**Your objective:** Would you write out the entries that follow word for word, omitting any images?

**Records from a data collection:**

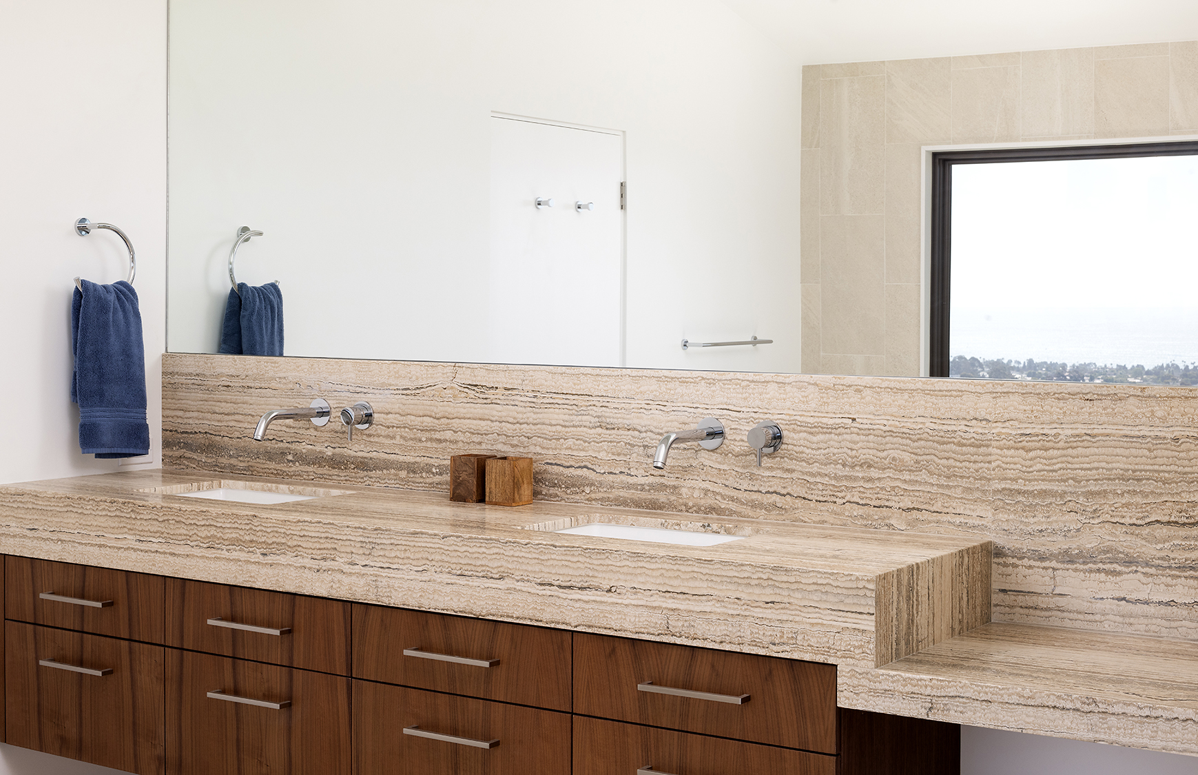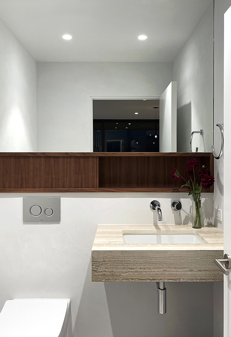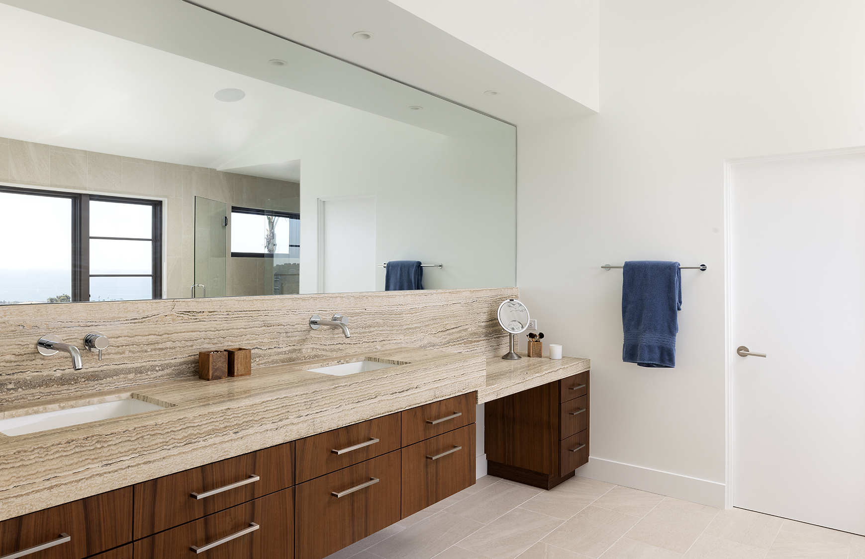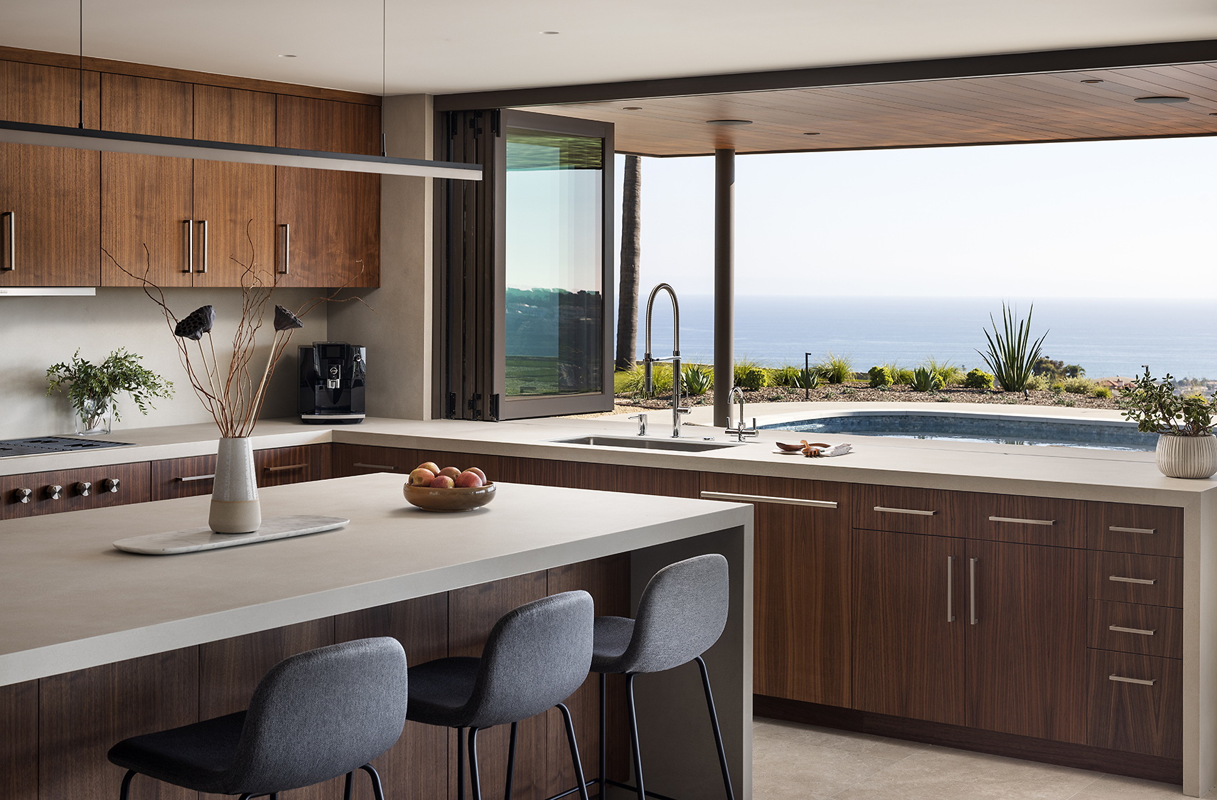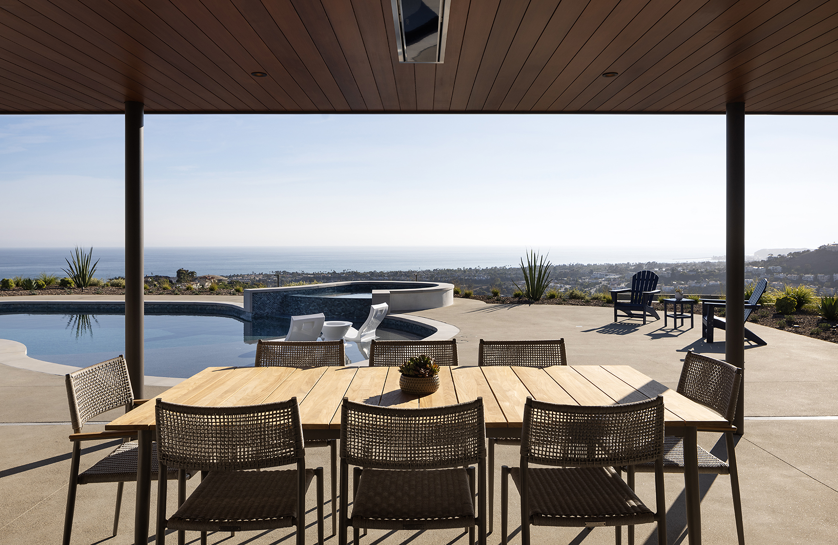 The design prioritizes orientation and view, with layered terraces and strategically placed openings that frame the Pacific horizon while maintaining privacy from neighboring properties. Interior spaces are organized to promote visual continuity, allowing natural light to move freely through the plan. Natural interior finishes were selected throughout the home to promote wellbeing and calmness.
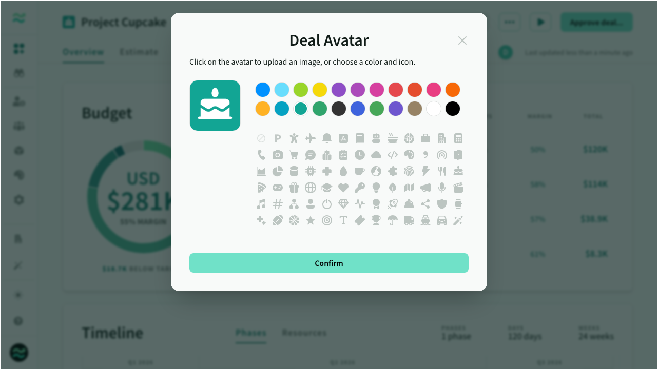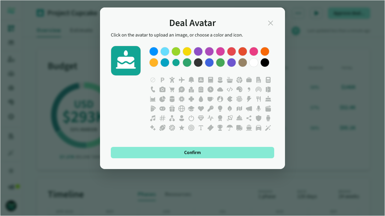 You can change the deal avatar by clicking on the icon in the header and either uploading an image, or selecting a colour and icon.
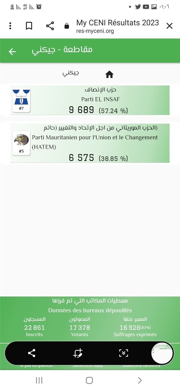 فاز حزب الانصاف بمقاعد النواب في جكني بولاية الحوض الشرقي وخسر مقاعد مقاطعة كرو بولاية لعصابى
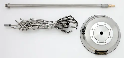 In a commisioned piece Three Days Grace leads singer Adam Gontier asked Chris Conte to create for him a mic stand with a robotic arm. The fun thing about this is that the stand you see is actually the second version the first was a right arm and hand, and the singer asked for a left to be created instead…
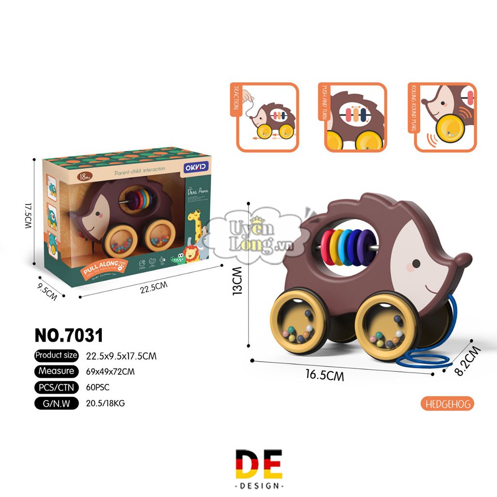 - Sản phẩm gồm 6 phân loại: Cua / Thỏ / Nhím / Rùa / Tê Giác / Khủng Long đa dạng cho các mom lựa chọn
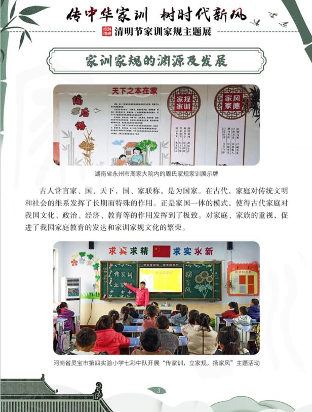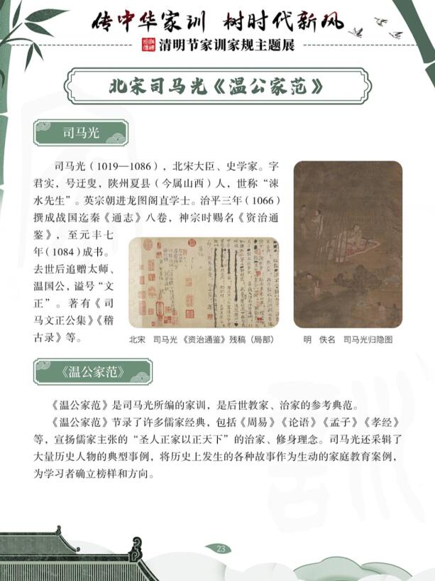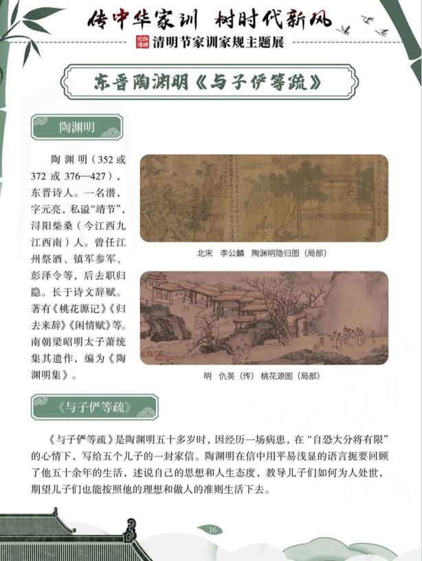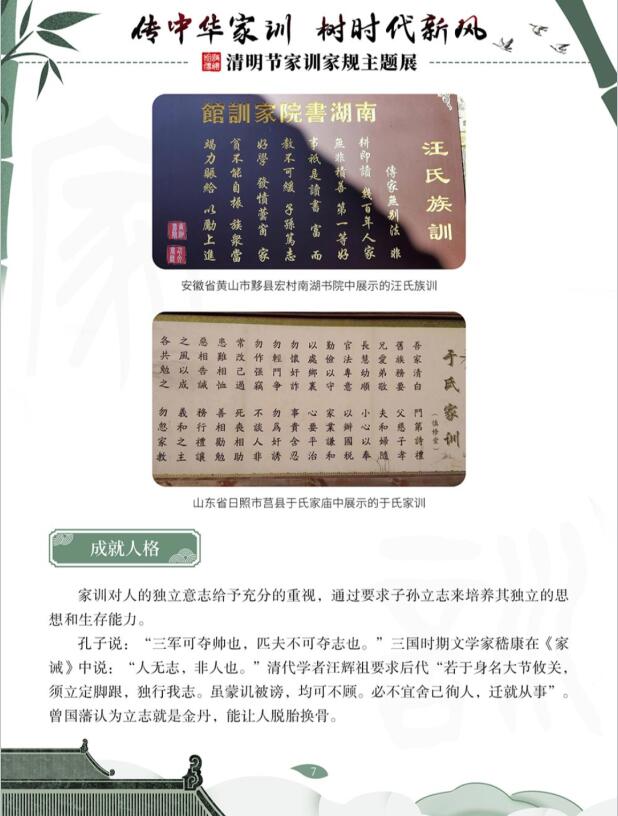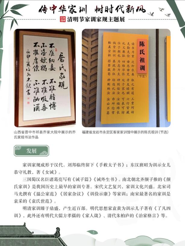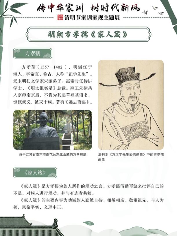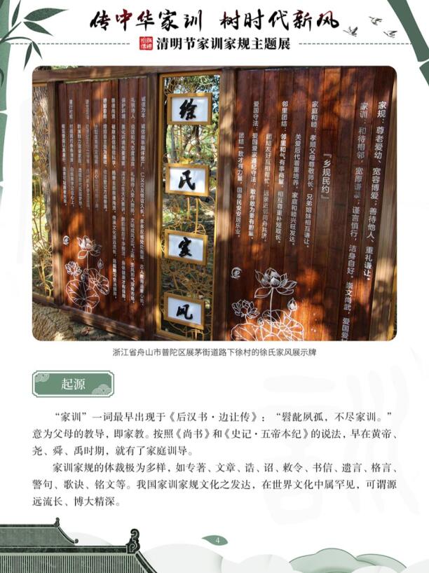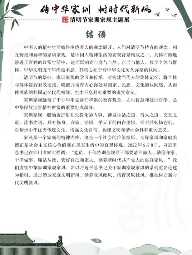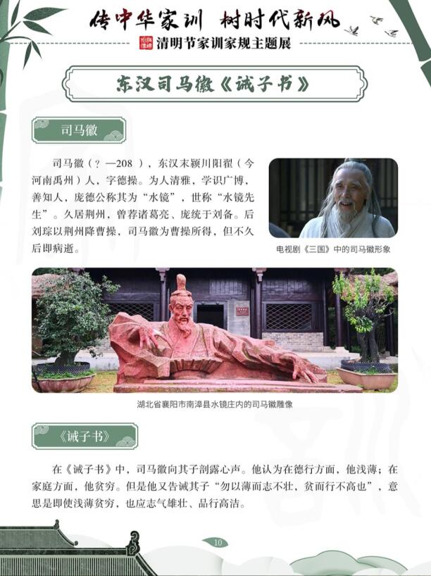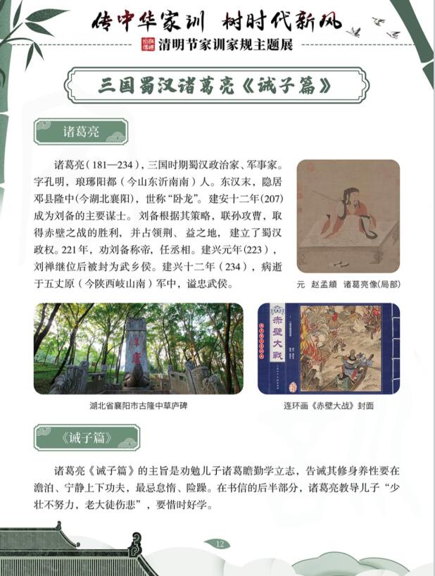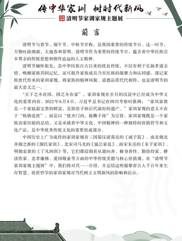 1 清明节与春节、端午节、中秋节并称,是我国重要的传统节日。这一时节,万伍吐故纳新,大地春和景明。清明节作为重要的传统节日,蕴含着中华民族崇本尊亲的传统思想和慎终追远的人文精神。 清明节缅怀祖先,是中华民族自古以来的优良传统,不仅有利于弘扬孝道亲情、唤醒家族共同记忆,还可提升家族成员乃至民族的凝聚力和认同感。谨记家族世代传承的家训家规,将家族的精神风貌、道德品质代代相传,也是清明节的最大意义之一。 家训家规既是一个家族治家经验的总结,又是承载着中华文化、中国精神的一种独特的价值符号和文化产品,是中华优秀传统文化的重要组成部分。 中国历史上广为流传的家训家规有三国蜀汉诸葛亮的《诫子篇》、南朝北朝齐颜之推的《颜氏家训》、北宋司马光的《温公家范》、南宋朱熹的《朱子家训》、明朝袁黄的《了凡四训等,它们都浸润着从德向善、修身养性、勤俭持家、耕读传家、忠孝廉悌、爱国敬业等方面的中华传统美德与核心价值观。在“清明节家训家规主题展”中,我们将对其一一介绍,并总结这些凝聚着古人千百年来生存智慧、处世哲学的家训家规对当代树立文明新风的影响和启示。 2 主办单位:江华瑶族自治县图书馆 协办单位:神州共享(北京)文化传媒有限公司 展览内容

**Solution to this task:**
 The design prioritizes orientation and view, with layered terraces and strategically placed openings that frame the Pacific horizon while maintaining privacy from neighboring properties. Interior spaces are organized to promote visual continuity, allowing natural light to move freely through the plan. Natural interior finishes were selected throughout the home to promote wellbeing and calmness.
 You can change the deal avatar by clicking on the icon in the header and either uploading an image, or selecting a colour and icon.
 فاز حزب الانصاف بمقاعد النواب في جكني بولاية الحوض الشرقي وخسر مقاعد مقاطعة كرو بولاية لعصابى
 In a commisioned piece Three Days Grace leads singer Adam Gontier asked Chris Conte to create for him a mic stand with a robotic arm. The fun thing about this is that the stand you see is actually the second version the first was a right arm and hand, and the singer asked for a left to be created instead…
 - Sản phẩm gồm 6 phân loại: Cua / Thỏ / Nhím / Rùa / Tê Giác / Khủng Long đa dạng cho các mom lựa chọn
 1 清明节与春节、端午节、中秋节并称,是我国重要的传统节日。这一时节,万伍吐故纳新,大地春和景明。清明节作为重要的传统节日,蕴含着中华民族崇本尊亲的传统思想和慎终追远的人文精神。 清明节缅怀祖先,是中华民族自古以来的优良传统,不仅有利于弘扬孝道亲情、唤醒家族共同记忆,还可提升家族成员乃至民族的凝聚力和认同感。谨记家族世代传承的家训家规,将家族的精神风貌、道德品质代代相传,也是清明节的最大意义之一。 家训家规既是一个家族治家经验的总结,又是承载着中华文化、中国精神的一种独特的价值符号和文化产品,是中华优秀传统文化的重要组成部分。 中国历史上广为流传的家训家规有三国蜀汉诸葛亮的《诫子篇》、南朝北朝齐颜之推的《颜氏家训》、北宋司马光的《温公家范》、南宋朱熹的《朱子家训》、明朝袁黄的《了凡四训等,它们都浸润着从德向善、修身养性、勤俭持家、耕读传家、忠孝廉悌、爱国敬业等方面的中华传统美德与核心价值观。在“清明节家训家规主题展”中,我们将对其一一介绍,并总结这些凝聚着古人千百年来生存智慧、处世哲学的家训家规对当代树立文明新风的影响和启示。 2 主办单位:江华瑶族自治县图书馆 协办单位:神州共享(北京)文化传媒有限公司 展览内容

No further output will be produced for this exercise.